Here it's already covered with Great Stuff and carved. Also shown is the full glass front for better viewing . I used magnets to secure the door when closed.


----------



## JonRich (Oct 19, 2012)

Started the mosaic of cork and drilled the drain bulkhead. Couldn't find my 2" diamond bit, so i improvised and drilled a few 16mm holes. It will do. Not pretty, but the fan will be covering it.


----------



## JonRich (Oct 19, 2012)

Made some fake tank corners out of cardboard for the class to practice making the fan-tube, spray foam, and i made a few models for them to carve. Worked out great.


----------



## JonRich (Oct 19, 2012)

Finished the cork mosaic and the in between sections where great stuff were showing were shaved/carved down, siliconed and covered in a mix of shredded cork bark and eco-earth mix. The goal was to make everything look like one piece. Came out good enough. Going forward, i'd like to just use a complete corktube. This way i can do away with the plastic tunnel, foaming and carving. I was doing all of this while sick and running a 101* fever (still sick as i'm typing this on my lunch break, while swinging in a damn hammock making me motion sick. #JesusTakeTheWheel

Drilled for misting nozzle and sealed the bottom of the tube and started the drainage layer , only to run out of hydroton. I had some left over from another project and blindly ASSumed i had enough. WRONG!!


----------



## JonRich (Oct 19, 2012)

Andddddd here we are at the present state of the tank. Last night i did a rough test fit of some plants to get an idea of placement and future growth. The plants were all pulled out because the next class in the workshop is drainage, substrate, substrate barrier and planting. So far , so good.

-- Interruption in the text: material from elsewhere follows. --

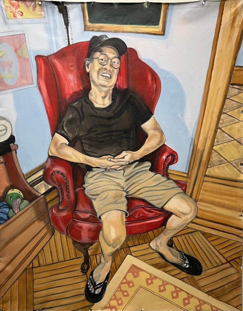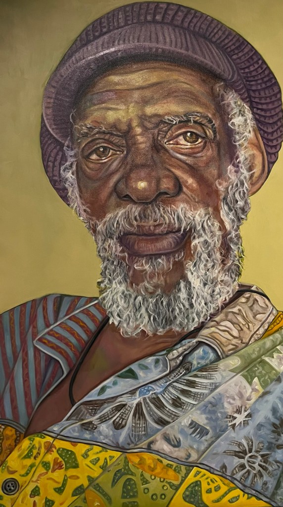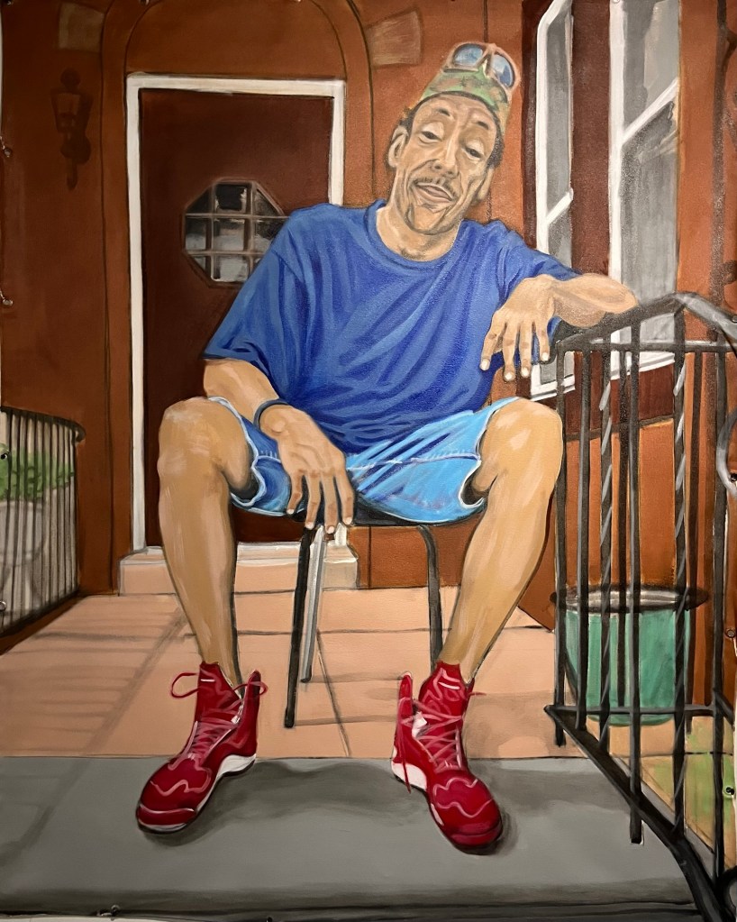 Mom, Copie Rodriguez (Garfield). Rodriguez’ portrait of his mother includes a family tree with family photos. “I wanted to preserve my mother’s memory and our connection to our roots and humble beginnings.”Una historia gringa, Jonathan Yubi Gomez (Bergenfield). A construction crew on the tracks of 86th Street Station in Manhattan. “Two workers gore a klansman, a third holds his hood, and others brandish pikes. Two flags wave gallantly — one representing my motherland, the other my fatherland.”Road Trip, Janice Belove (Montclair).”A few years ago, our family took a three-week cross-country road trip… The mega-mess in the minivan created a record of the family on the go, in the confined space.”La Rogativa, Brandon Bravo (Metuchen). “The imposing figures casting shadows over my cousin symbolize the iconic statue La Rogativa, located in Old San Juan, which commemorates a women-led religious procession in 1797. La Rogativa is a tribute to Puerto Rico’s enduring spirit and a reflection of our collective journey.”The Handshake, Johanna Foster (Montclair). “In this painting, I render a gesture of deep connection between my husband and our infant daughter, an image taken from a nearly 25-year-old photograph…My sister and brother-in-law…together apart!, Susan Sinek (Fort Lee). “My sister and brother-in-law…are posing on a bench in Morocco…very staid and serious…they are both very successful. They are very much together and in their work they are very much apart.”James Oliver Jones, Jr., Grace Graupe-Pillard (Keyport).”I met James Oliver Jones, Jr., on a street in the East Village in 1985. Forty years later we reconnected on social media and I found him as powerful and beautiful a presence now as he was then.”Before Leaving, Meira Pomerantz (Fort Lee). “ The linoleum cut print..presents a familiar image of a mother enfolding and being embraced by her children. It is statement of human emotion and caring between the individuals.”The Global Village Series #1, Mesma Belsari (Guttenberg). “I consider the world a village where families and communities are perpetually in flux. Global Village Series #1 is a continuation of that idea in pen and ink. The pen dreams in ink.”Nido and Smidoo, Ben Goldman (Weehawken). “My two portraits in this exhibition provide a snippet of the great diversity of my Northern Hudson County community. My friend Nido Gula lives in a neighboring town and cleans my home. My friend and neighbor Arthur ‘Smidoo’ Smith is often called the mayor of this block.Code Switching Mask, robin holder (West Milford). “…almost all successful people of color practice code switching. It is an innovative, often obligatory, strategy of successfully navigating the workplace, society, and social platforms that are predominately white, privileged and empowered.”Black Mirror, Kristin Kunc (Atlantic Highlands). “Black Mirror is inspired by the news, media, and complacency. It is a painting of my son, though it could be any child or oneself, and what is colloquially known as the television, aka the black mirror. Rather than go outside and enjoy a beautiful day, we are trapped by our own reflections, our own insecurities, and our own black void of overbearing information and entertainment that we sit silently waiting and watching.”Just Tell the Truth (LOOK!), Lawrence Ciarallo (Hoboken). “I wanted to create a graphic that would address the long and sordid yet passionately determined history of the United States. The multicolored background and flowers are intended to convey that beauty. It has always existed and persevered despite many obstacles.”CITYSCAPE-UPHEAVAL, Grace Graupe-Pillard (Keyport). “CITYSCAPE-UPHEAVAL communicates my visceral response to a world where black lives are ‘obliterated,’ fighting for the very rights that the Constitution bestows upon all Americans.”The Invisibles: Sanctuary City, Karen Cunningham (Princeton). “The Invisibles portrays recent migrant arrivals to New York City, bused in from New Jersey, mixing into the urban landscape with the city’s longstanding homeless population.”Tomas, Danielle Scott (Jersey City). “Tomas is the visual interpretation of the beautiful relationship between Angola and Cuba. Tomas is a depiction of joy, pain, and courage. Tomas is our history. The images behind Tomas are old slave markets in downtown Luanda, Fortaleza de Sao Miguel (where slaves were rolled from the top of the Fort to the bottom landing on Flores street).”4 Fashion Girls, Maria Mijares (Plainfield). “4 Fashion Girls depicts my friends Yvette and Deanna in a fitting room next to framed wall decor 50s looking photograph of two models. The style of the past contrasts the fashion of our day.”

PS: I initially catered for about 10-15 attendees to the workshop. WRONG!!! I had to place a cap at 60!! . I has a RSVP/Sign-up list of over 80 interested. What can i say, people love frogs!


----------



## JonRich (Oct 19, 2012)

The tank was proposed to be raffled off with a leucs or 2. After seeing how it's turning out , it might be better suited for a pair of thumbnails or small pumilio. 

You thoughts?

I'll have a test tonight of the fan tube's efficiency. I'll fog the tank on purpose and see how well it clears the glass. This will determine the fan setting/s. low and constant , or on/off throughout the day. 

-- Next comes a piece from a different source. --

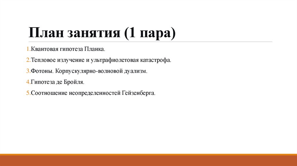 План занятия (1 пара)1.Квантовая гипотеза Планка.

Clifnote: This tank will have two 12" Finnix 7000k LED bars. Same type of lights i have on the 18x18x24 Exo (pictured below). Growth has not been an issue while i've used them the past 8 months. 
http://www.amazon.com/Finnex-FugeRay-Planted-Aquarium-Moonlights/dp/B00GH9HRZ4/ref=sr_1_fkmr0_1?ie=UTF8&qid=1444070768&sr=8-1-fkmr0&keywords=finnex+12%22+led+6700k

Little more that daylight, but the fixture fits well on the tank and low profile (without the stands). 

MistKing starter kit, single nozzle. I want to promote a lot of moss growth on the cork, so i might drill the tank for another nozzle. Tank will be misted a lot (4-5 times per day for a yet to be determined duration).


----------



## vivlover10 (Oct 10, 2010)

I would have to agree with you, some imitators would love it in there. 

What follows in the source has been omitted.